La démocratie Indienne est l’héritière de l’Empire Britannique par son parlementarisme. Ce qui
n’est pas sans posé des écueils dès qu’une alternance existe. Autant l’alternance peut être
bienfaitrice dans un système parlementaire fondé dans un Etat unitaire comme l’est la France ou le
Royaume Uni, autant ce même facteur peut devenir dangereux pour la vie politique d’un Etat
déral, comme l’est l’Inde. La responsabilité ministérielle devant le Parlement Indien, Sansad et sa
chambre basse, le Lok Sabha, nécessite forcément d’avoir une majorité au sein du Lok Sabha. Or
dans un Etat hétéroclite, comme l’est l’Inde, avec ses 25 Etats et 7 territoires, ses 18 langues
officielles et ses 7 religions, parvenir à une majorité est loin d’être aisé.
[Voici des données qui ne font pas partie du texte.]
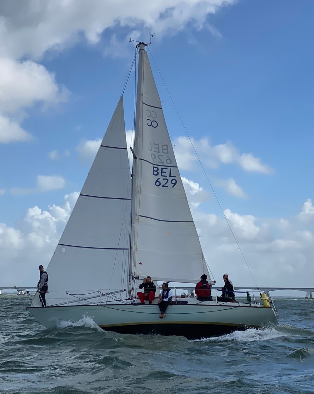 Zaterdagmorgen onderweg in de auto naar Colijnsplaat hebben we nog veel regen. Als we rond 10u aankomen is het vrijwel droog en waait het lang zo hard niet als voorspeld. De andere bemanningsleden melden zich vrij snel op de steiger en we kunnen de boot klaarmaken voor de wedstrijd. We kiezen in eerste instantie voor genua III. Nu eerst koffie met de bekende Belgische koeken. Wel binnen in de kajuit omdat het toch weer begint te regenen. Om half twaalf wordt het weer droog en wordt de III toch gewisseld voor de Genua II. We kennen inmiddels de baan en de eerste rakken zijn geen kruisrakken. Mocht het nodig zijn dan kunnen we tijdens het eerste spinakerrak weer terugwisselen.

Cela semblait cependant
réalisable : jusque dans les années 90, un seul parti parvenait à réunir une majorité : le Parti du
Congrès. La prépondérance de ce parti était alors obtenu grâce à trois facteurs : la lutte anti-
coloniale menée par une intelligentsia nationaliste dont Nehru fournit l’archétype, le charisme de
Gandhi, dont le rayonnement devait beaucoup à son image d’ascète dévoué au service de la
nation, et enfin un réseau de notables. Mais son audience s’est érodée au fil des années et les
années 90 constituent le paroxysme de ce déclin. La vie politique indienne est principalement
dominée par deux lignes de clivage qui se superposent et qui opposent l’une, des hindous aux
musulmans, et l’autre, des castes supérieurs à des castes inférieures. Ces conflits sont le produit
de manipulations politiques entretenues notamment par le parti nationaliste, le BJP, qui parvient au
pouvoir en 1999 et s’impose comme une force incontournable de la vie politique indienne.
Au-delà des clivages politiques, le BJP comme le Parti du Congrès, ont le point commun d’avoir
adopté la même stratégie pour l’Inde : lui donner un rayonnement et un prestige international et
cela malgré les conflits ethniques et religieux. La question se pose alors de savoir si la politique
indienne est tributaire des conflits ethniques et religieux ou si au contraire la politique indienne
utilise ces mêmes conflits à son profit, pour leurs vertus électoralistes et pour se voir accorder
toutes les attentions de la communauté internationale ? Autrement dit, comment interfère la
politique indienne sur les conflits ethniques et religieux et réciproquement ?
Il est tout d’abord notable que la politique indienne semble gênée pour atteindre son objectif de
rayonnement international par les difficultés internes et intrinsèques à l’Inde (I). Mais in fine ces
obstacles constituent autant de points forts pour les partis indiens (II).
I. LES ENTRAVES AU DEVELOPPEMENT D UNE STRATEGIE DE
RAYONNEMENT INTERNATIONAL
Les équilibres régionaux, le jeu des alliances et de l’ingérence, les tendances à
l’unilatéralisme, auront leur effet sur le discours stratégique indien. Mais ils ne seront pas les seuls.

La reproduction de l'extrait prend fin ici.